Hepatocellular liver injury is characterized by elevations in serum alanine (ALT) and aspartate (AST) aminotransferases while cholestasis is associated with elevated serum alkaline phosphatase (ALP) levels. When both sets of enzymes are elevated, distinguishing between the two patterns of liver disease can be difficult. The aim of this study was to document the predicted ranges of serum ALP values in patients with hepatocellular liver injury and ALT or AST values in patients with cholestasis.
Materials and methodsLiver enzyme levels were documented in adult patients with various types and degrees of hepatocellular (non-alcoholic fatty liver disease, hepatitis B and C, alcohol and autoimmune hepatitis) and cholestatic (primary biliary cholangitis and primary sclerosing cholangitis) disease.
ResultsIn 5167 hepatocellular disease patients with ALT (or AST) values that were normal, 1–5×, 5–10× or >10× elevated, median (95% CI) serum ALP levels were 0.64 (0.62–0.66), 0.72 (0.71–0.73), 0.80 (0.77–0.82) and 1.15 (1.0–1.22) fold elevated respectively. In 252 cholestatic patients with ALP values that were normal, 1–5× or >5× elevated, serum ALT (or AST) values were 1.13 (0.93–1.63), 2.47 (2.13–2.70) and 4.57 (3.27–5.63) fold elevated respectively. In 56 patients with concurrent diseases, ALP levels were beyond predicted values for their hepatitis in 38 (68%) and ALT (or AST) values beyond predicted values for their cholestatic disorder in 24 (43%).
ConclusionsThese data provide health care providers with predicted ranges of liver enzymes in patients with hepatocellular or cholestatic liver disease and may thereby help to identify patients with concurrent forms of liver disease.

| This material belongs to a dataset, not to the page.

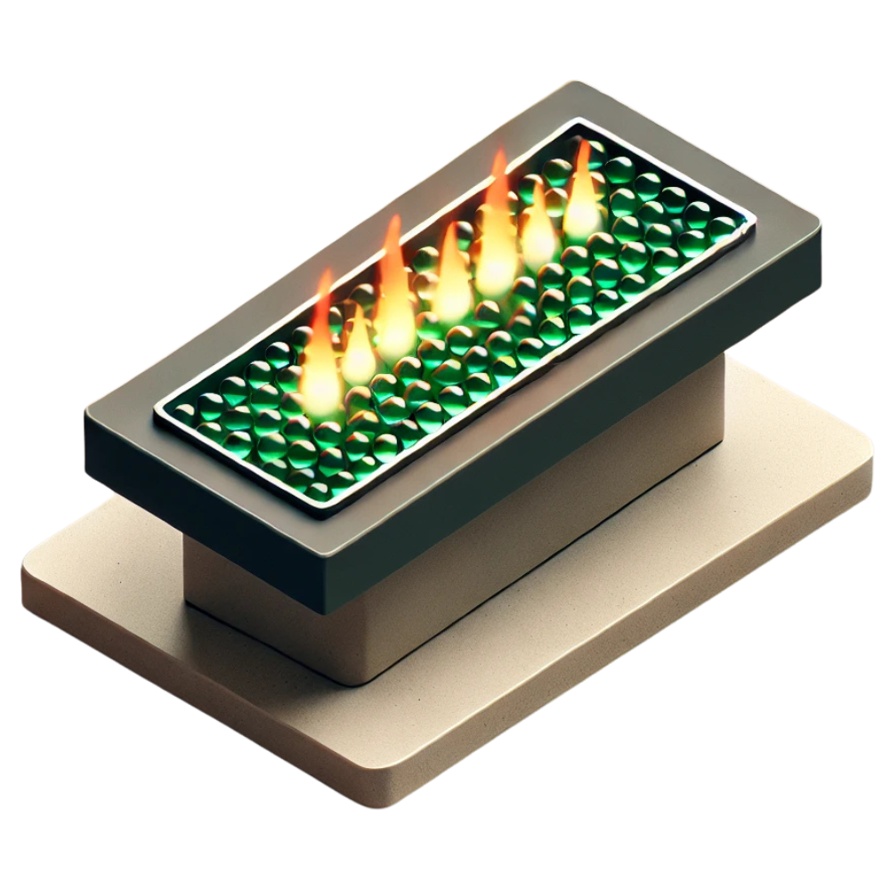 It’s a built in gas-powered firepit with green glass beads for a modern, stylish look.

Interpreting liver enzyme levels is an important component of the evaluation of patients with acute or chronic liver disease [1]. Typically, elevated serum alanine (ALT) and aspartate (AST) aminotransferase levels reflect the extent of hepatocellular injury while elevated serum alkaline phosphatase (ALP) and gamma-glutamyl transferase (GGT) levels, the extent of impaired bile flow or cholestasis [1]. However, the distinction between hepatocellular disease and cholestasis is not absolute in that the former patients often have elevated serum ALP and/or GGT levels and ALT and/or AST elevations are common in patients with cholestasis. These findings can result in uncertainty as to whether a patient has hepatocellular disease with a significant cholestatic component, cholestasis with a significant hepatocellular disease component or two distinct disorders (concurrent hepatocellular and cholestatic liver diseases).

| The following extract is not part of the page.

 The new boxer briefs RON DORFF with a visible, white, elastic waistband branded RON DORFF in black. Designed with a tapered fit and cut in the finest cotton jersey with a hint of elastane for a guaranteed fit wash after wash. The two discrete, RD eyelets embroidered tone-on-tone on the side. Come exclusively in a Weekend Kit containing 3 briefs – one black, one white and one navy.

Despite the clinical value of interpreting relative differences in serum ALT, AST, ALP and GGT levels there have been no reports to date, specifically describing the extent of ALP and GGT elevations in hepatocellular disease patients or ALT and AST elevations in cholestatic disease patients.
In the present study, we documented serum ALT, AST, ALP and GGT levels in a large cohort of adult liver disease patients and identified the range of ALP and GGT elevations in hepatocellular disease patients with various degrees of injury and ALT and AST levels in cholestatic patients with various degrees of cholestasis. To determine whether predicted ranges of liver enzyme abnormalities might help to identify patients with both forms of liver disease we also documented enzyme levels in patients with concurrent hepatocellular and cholestatic liver disease.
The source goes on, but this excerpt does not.